Specific operation process:

When the gas adsorption sample chamber is in use, the sample is first placed in the chamber body 3, and then the chamber body 3 is vertically inserted into the sealing nut 21, and the annular outer stop 32 of the chamber body 3 is abutted against the annular inner stop 212 of the sealing nut 21, and then the sealing gasket 22 is placed in the sealing nut 21, and finally the sealing bolt 12 is screwed into the sealing nut 21, and is screwed in gradually until the second spherical curved surface protrusion of the sealing bolt 12 abuts against the gasket body 221 of the sealing gasket 22, and the sealing and high pressure resistance of the sample chamber are achieved through extrusion deformation.

The above description is only a preferred embodiment of the utility model, and does not limit the patent scope of the utility model.

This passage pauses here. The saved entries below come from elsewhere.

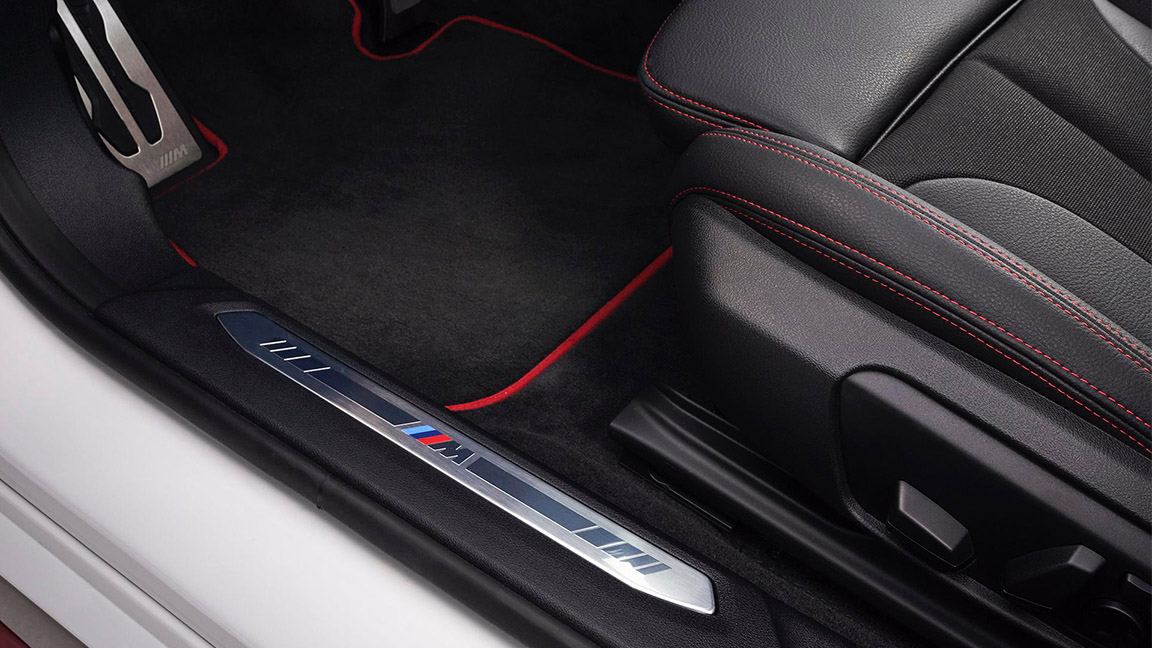 另外新车还在中央扶手箱表面加入显眼的“ti”标识,车门处还有宝马M的迎宾踏板,整体细节营造到位。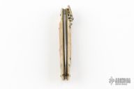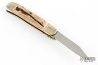 This Lever Lock Automatic by Hubertus Knives features a polished clip point blade. The handle is comprised of nickel silver bolsters and lever with stag scales over brass liners and steel backspacer. Has some light scratches, otherwise excellent condition.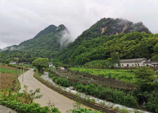 停车驻足,远望青山巍峨、崖壁锦绣,俨然一幅山水画卷;近观亭台流水、蔬果满园,一派田园风光尽展眼前。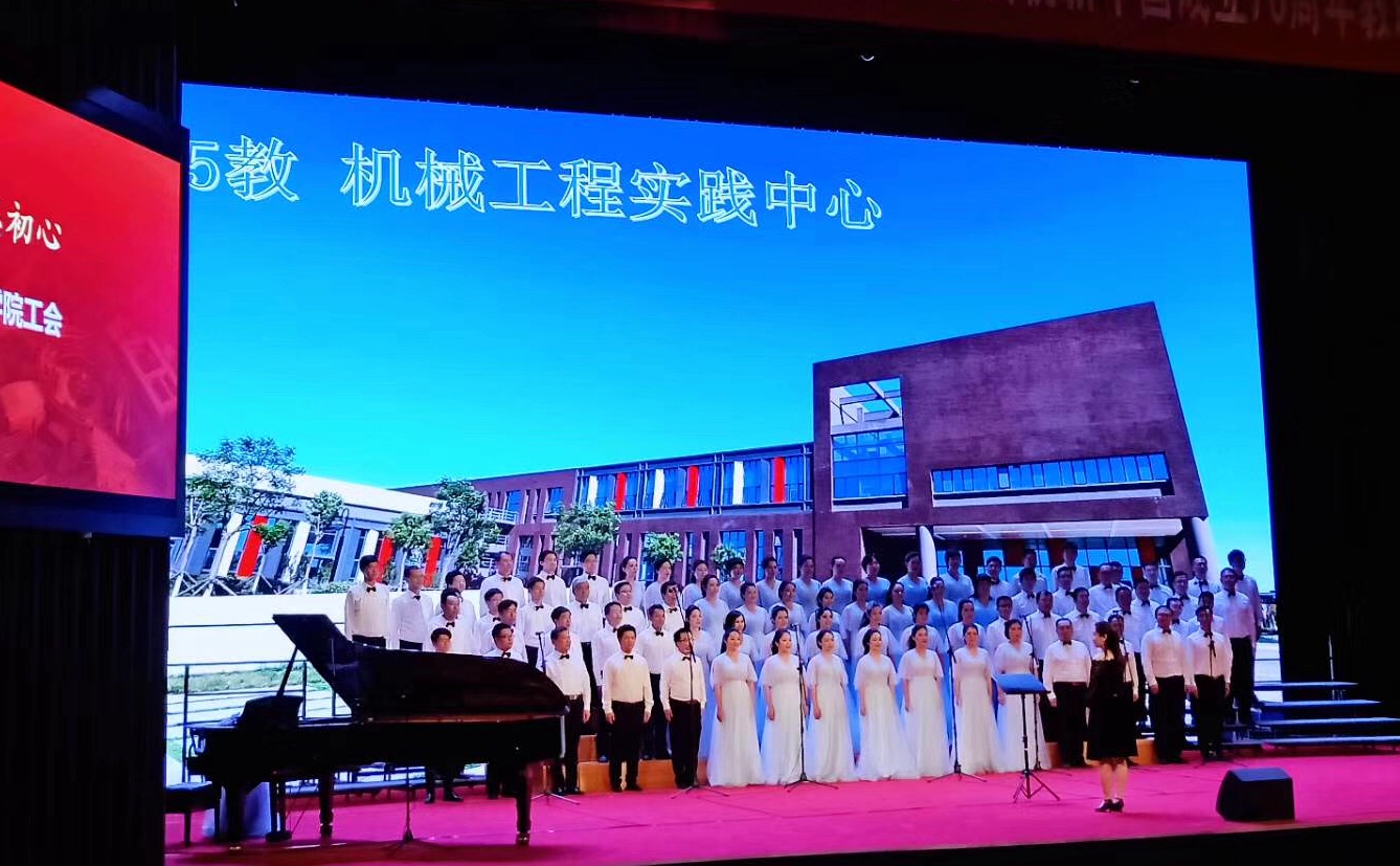 教职工们在嘹亮的歌声中回顾历史、憧憬未来,展现出昂扬的精神状态。校领导与全体教职工合唱《我和我的祖国》《歌唱祖国》等歌曲,将活动推向高潮。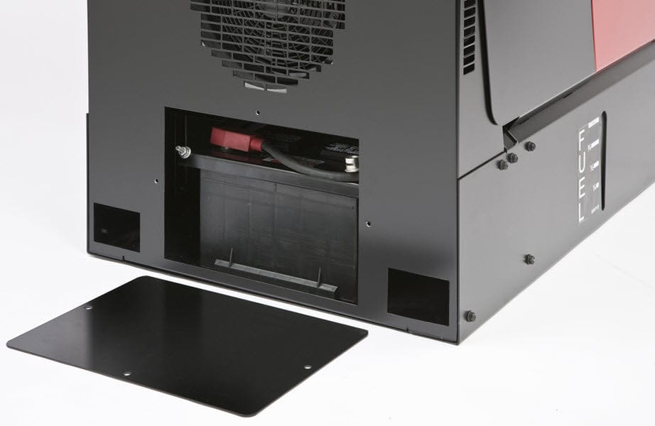 The Ranger 225 produces up to 10,500 peak watts of single-phase AC auxiliary power. Its compact size makes it ideal for hauling in the back of your pickup truck. Three engine access panels and convenient battery access panel help make maintenance quick and easy. A large fuel level indicator is located on both sides of the welder. The Kohler® CH730 two-cylinder gasoline engine produces 23 horsepower at 3,600 RPM.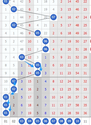 上面是体彩大乐透前区开奖号码走势分布图,我在上面标注出来的蓝色箭头都是遗漏周期小的数字,因为上期开出了数字34遗漏周期是23期,数字16遗漏周期是8期,数字35遗漏周期是7期,都是遗漏周期大的数字,那么本期应该关注遗漏周期小的数字,关注05 06 16 18 34 35出2个或者3个吧。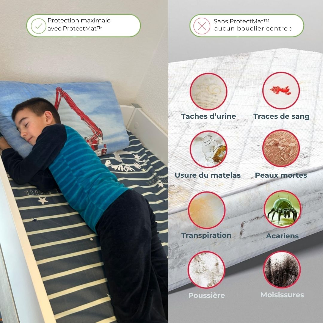 Grâce à ProtectKid™, toute la famille dort sereinement, sans réveils ni panique nocturne. Son tissu doux et silencieux le rend invisible et agréable à utiliser.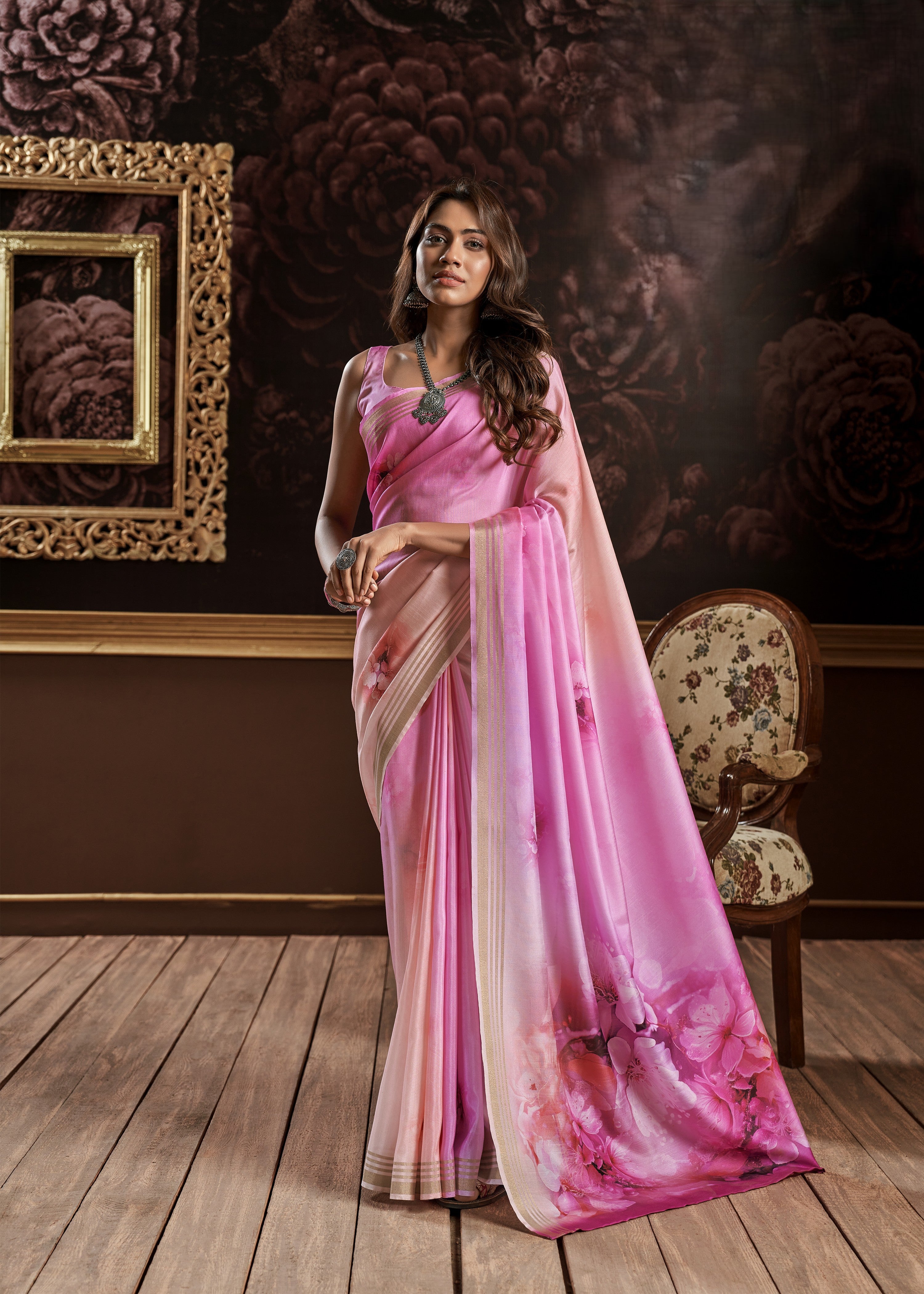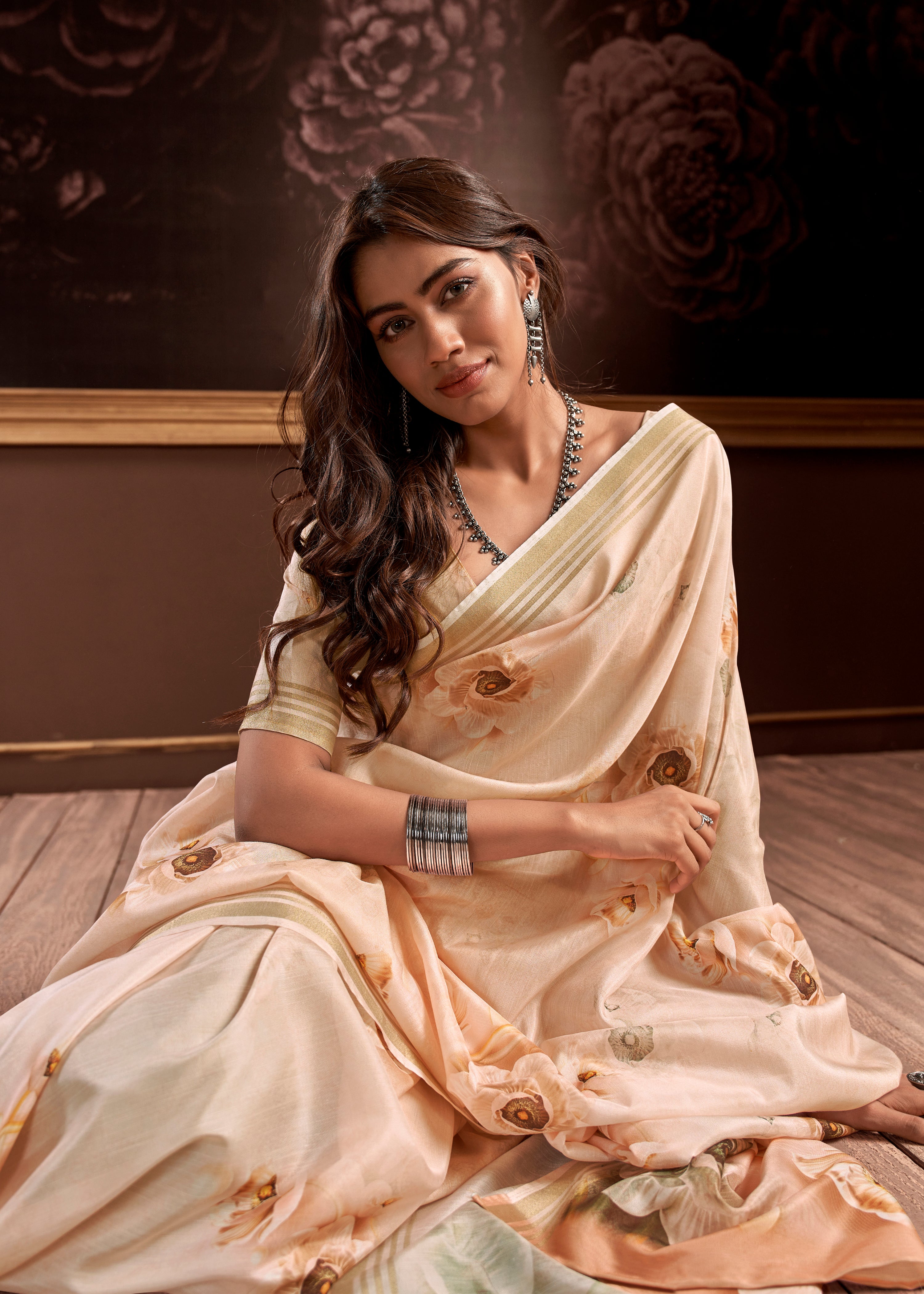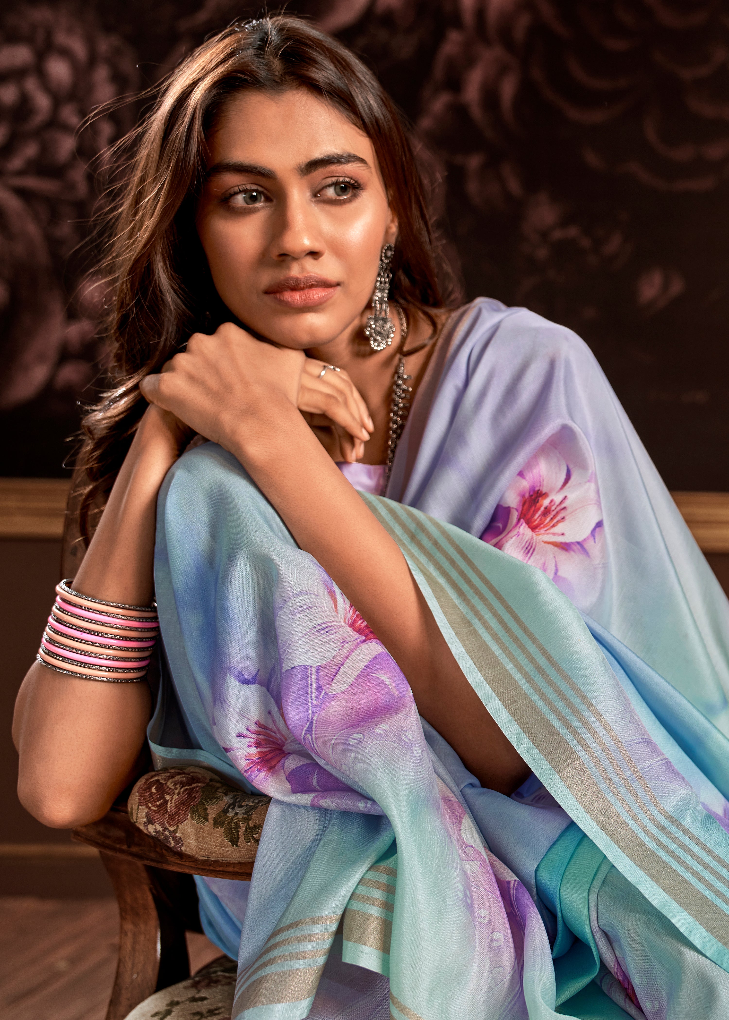 - Indo-Western Fusion: Style a pastel satin silk saree with rose-gold earrings, metallic clutch, soft curls.

All equivalent structural changes made by using the contents of the utility model specification and drawings under the utility model concept, or directly/indirectly used in other related technical fields are included in the patent protection scope of the utility model.

Claims (9)

1. A gas adsorption sample cell comprising:

an inlet pipeline assembly (1) comprising an experimental pipeline (11) and a sealing bolt (12), wherein the experimental pipeline (11) passes through the sealing bolt (12) along the central axis direction of the sealing bolt (12);

the sealing assembly (2) comprises a sealing nut (21) and a sealing gasket (22) arranged in the sealing nut (21), wherein the sealing nut (21) comprises a nut body (211) and an annular inner spigot (212) which are integrally connected, and the annular inner spigot (212) is arranged in one end of the nut body (211);

the cabin body (3) comprises a cylinder body (31) and an annular outer spigot (32) which are integrally connected, and the annular outer spigot (32) is arranged outside one end of the opening of the cylinder body (31);

one end of the sealing bolt (12) far away from the experimental pipeline (11) is suitable for being inserted into the sealing nut (21) in a sealing way;

the opening side of the cabin body (3) is suitable for being inserted into one side of the sealing nut (21) which is away from the inlet pipeline assembly (1), and the annular outer spigot (32) is in fit and abutting connection with the annular inner spigot (212);

the seal bolt (12) and the cylinder (31) are respectively abutted against both ends of the seal gasket (22).

2. The gas adsorption sample capsule of claim 1, wherein the gasket (22) comprises a gasket body (221) and a mesh of pores (222) connected within the gasket body (221), the gasket body (221) being made of an aluminum material, the mesh of pores (222) being made of a cast steel material.

3. The gas adsorption sample capsule of claim 2, wherein the pore network (222) has a diameter of 4.95-5.05mm and the pore network (222) has a pore diameter of 0.09-0.11um.

4. A gas adsorbing sample compartment according to claim 2, characterized in that the gasket body (221) has a diameter of 39-41mm and a thickness of 1.4-1.6mm.

5. The gas adsorption sample capsule according to claim 1, wherein the inner hole surface of the nut body (211) is provided with a first inner thread (2111), the outer surface of the sealing bolt (12) is provided with a second inner thread, and the first inner thread (2111) is in threaded connection with the second inner thread.

6. The gas adsorption sample cell of claim 2, wherein the open end of the cylinder (31) is provided with a first spherically curved protrusion.

7. The gas adsorption sample capsule according to claim 2, wherein the bottom end of the sealing bolt (12) is provided with a second spherically curved protrusion.

8. The gas adsorption sample capsule according to claim 2, wherein the open end of the cylinder (31) has an outer diameter of 4.0-4.1cm, the closed end of the cylinder (31) has an outer diameter of 3.9-4.1cm, and the wall thickness of the cylinder (31) is 2mm.

9. A gas adsorbing sample compartment according to any of claims 1-8, characterized in that the compartment body (3) is made of cast steel material.